Although the evidence that the records are fake is overwhelming, MAC remains skeptical that they didn’t originate inside the government, and is calling for an independent inquiry.

“The Muslim Association of Canada once again calls on the Government to determine if any of the documents or their contents are genuine, which can only be done after a thorough, transparent and independent investigation,” Mr. Sharafeldin added.

The International Civil Liberties Monitoring Group said RCMP inaction on this matter bolsters the case for an independent investigation into possible government targeting of MAC.

“The Minister of Public Safety promised last week a transparent investigation. The RCMP statement is anything but that,” said the group’s national co-ordinator, Tim McSorley. “At the heart of this issue is addressing concerns of systemic racism and Islamophobia and must be taken seriously.”

In his comments to reporters last week, Mr. Mendicino said his office had been in touch with law enforcement. “I understand they are conducting their investigation to get to the bottom of this,” he said.

He told reporters the Mountie investigation needed to be done with great care, and he promised that the government would be transparent once it was completed.

“With the history of the community’s interactions with the RCMP and other institutions, it’s very important that there’s transparency about exactly what happened here. And obviously, if anyone broke the law in a way to target this organization … there should be an investigation and appropriate consequences that would follow from that.”

Mr. Trudeau told reporters: ”We will pursue an investigation if that is necessary.”

MAC began receiving the forged documents from an anonymous sender more than a year ago. The records falsely suggest that law enforcement and tax collection authorities are trying to entrap the organization by creating the appearance that it is funneling money to extremist groups. MAC operates mosques and community centres across the country.

In total, the trove of documents amounts to hundreds of pages sent in 11 packages from April, 2021, to late November of this year. In addition to the fake search warrants and phony records of SWIFT money transfer payments to informants, the documents include printouts that look like internal government e-mails between RCMP personnel and CRA investigators. The CRA, the RCMP and the Bank of Canada have all said the documents are fake, and the supposed authors of some of the e-mails have sworn in affidavits that they didn’t write them.

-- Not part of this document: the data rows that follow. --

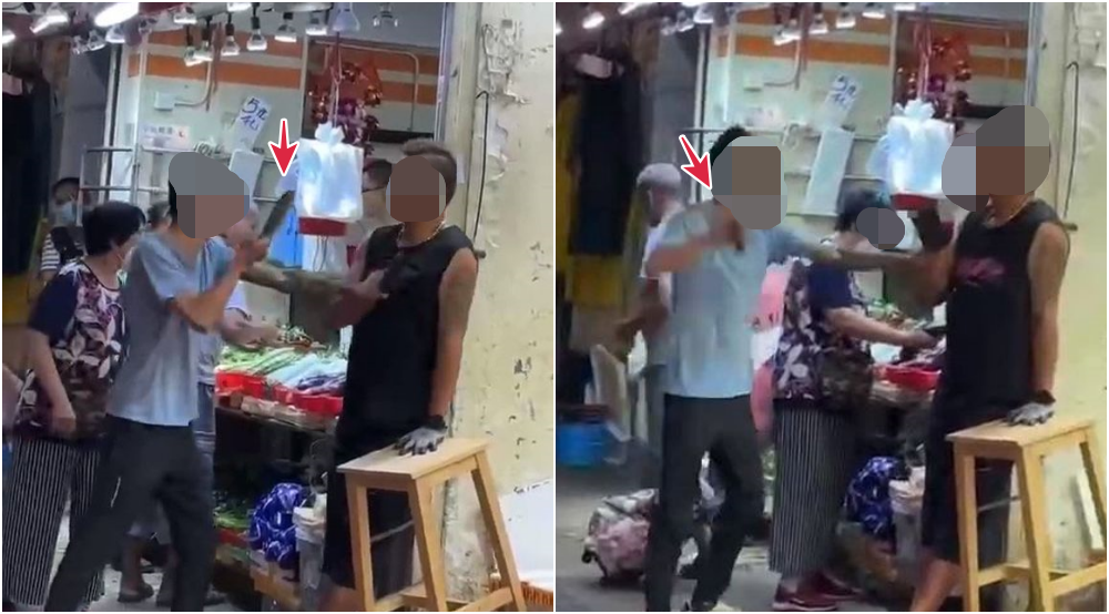 劉男揮舞菜刀指嚇對方。網圖 劉男隨後折返菜檔與職員理論,期間揮舞菜刀指嚇對方。幸好當時有兩名機動部隊警員巡經上址附近,在接獲途人求救後,他們隨即趕往現場,成功將男子制服。經調查後,以涉嫌藏有攻擊性武器將他拘捕。事件中無人受傷。案件交由荃灣刑事調查隊第三隊跟進。 根據網上流傳影片可見,當時一名手臂上有紋身的男子手持菜刀,不斷指嚇另一名男子。而附近人士則表現十分淡定。(完) 【編輯:孟宜君】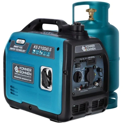 ManoManoGeneral description The KS 2100iG S LPG/petrol inverter generator by Könner & Söhnen is a compact, quiet, and reliable power source. It delivers pure sine wave output, making it suitable for sensitive electronics. This dual-fuel generator runs on both petrol and LPG (propane-butane) and includes all necessary accessories for LPG use. With its soundproof housing, it operates at a low noise level of 62 dB, making it ideal for home backup, camping, fishing, and other outdoor activities. Lightweight and portable, this generator is easy to move and store. Technical specifications Maximum power: 2000 W* Nominal power: 1800 W* Voltage: 230 V Frequency: 50 Hz Max current: 8.70 A Engine model: Könner & Söhnen KS 110i Engine type: Four-stroke, petrol-powered, air-cooled Engine volume: 79.7 cm³ Engine power: 3.3 hp Fuel tank volume: 4.0 L Crankcase volume: 0.35 L Noise level: 62 dB (Lpa at 7m), 87 dB (Lwa) Net dimensions (L×W×H): 480 × 290 × 430 mm Gross dimensions (L×W×H): 510 × 320 × 475 mm
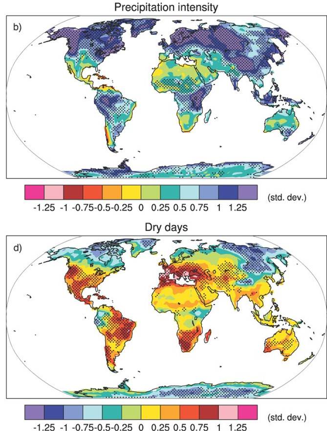 Change in wet and dry days mid A1B scenario 2000 to 2080.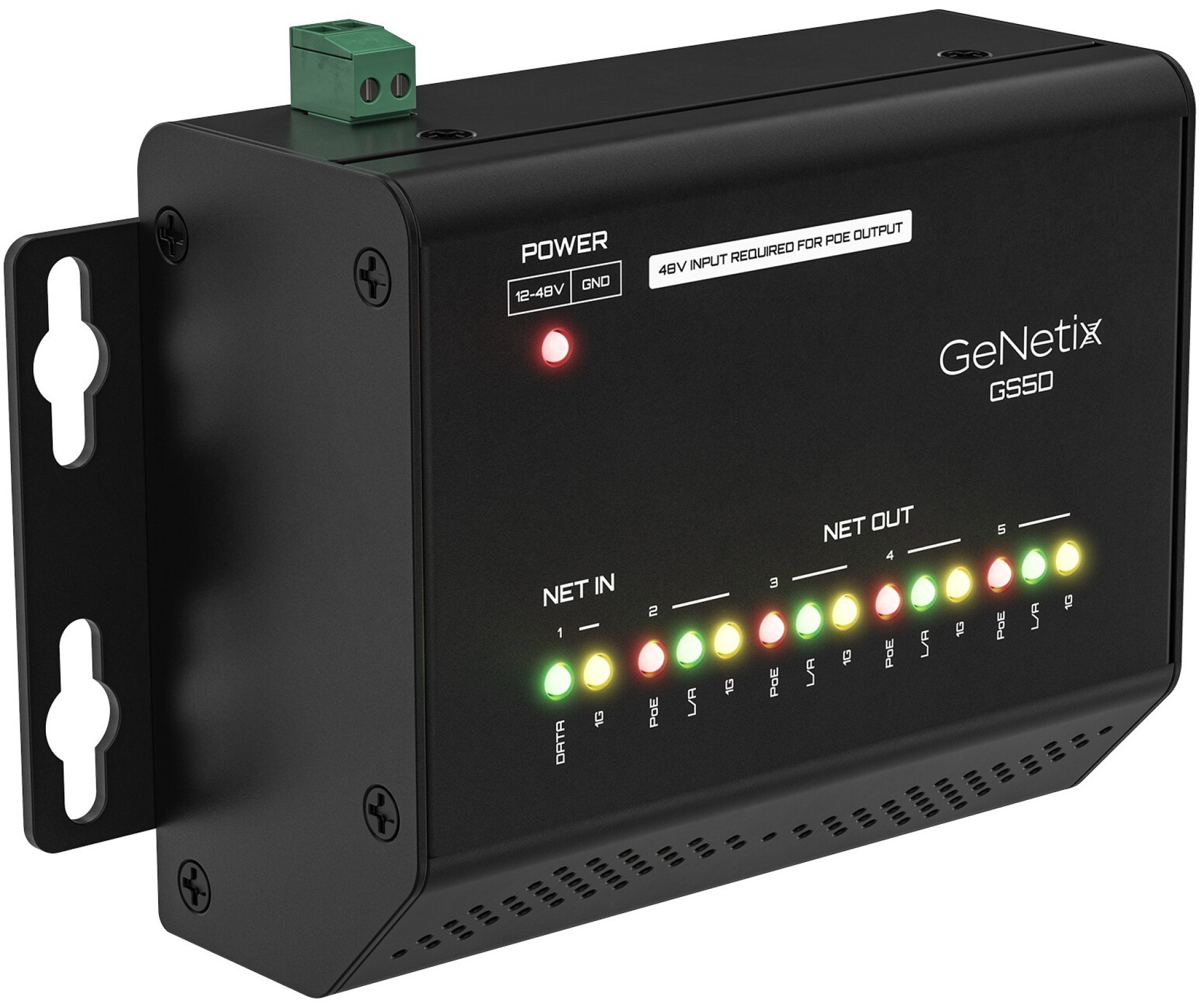 GeNetix GS5D är en 5-portars omanagerad Gigabit switch, som kan strömförsörjas via PoE. I kombination med en extern 48V strömförsörjning kan switchen också lämna PoE, på de första fyra fortarna. Portarna 1-4 kan lämna upp till 30W per port (PoE+), men med en totalbegränsning / PoE-budget på totalt 60W.

The Canadian Muslim Public Affairs Council (CMPA) said The Globe’s reporting raises serious concerns that there has been an attempt either to undermine confidence in government agencies or to disrupt MAC.

“Given the gravity of the allegations, it is disturbing that the RCMP appears ready to dismiss the entire matter so quickly,” CMPA said in a statement Wednesday. “A thorough and transparent investigation by a government oversight body is required to restore public confidence.”

The fake records sent to MAC make it seem as if the charity is riddled with informants supplying the RCMP and the CRA with details of its operations. A purported Mountie “Informant Manifest” lists six informants who are supposedly working with the National Security Joint Operations Centre, as well as 18 “secondary asset” informants.

The purported SWIFT transfers show 13 payments into offshore bank accounts, supposedly for the benefit of three informants. All but one list the Bank of Canada as the sender. The documents show the equivalent of more than $320,000 being deposited into accounts in the British dependency of Guernsey.

The forged records sent to MAC portray the CRA as being under pressure from its leadership to nail the Muslim charity for wrongdoing, and the documents make investigators appear willing to bend or break the rules in order to do so.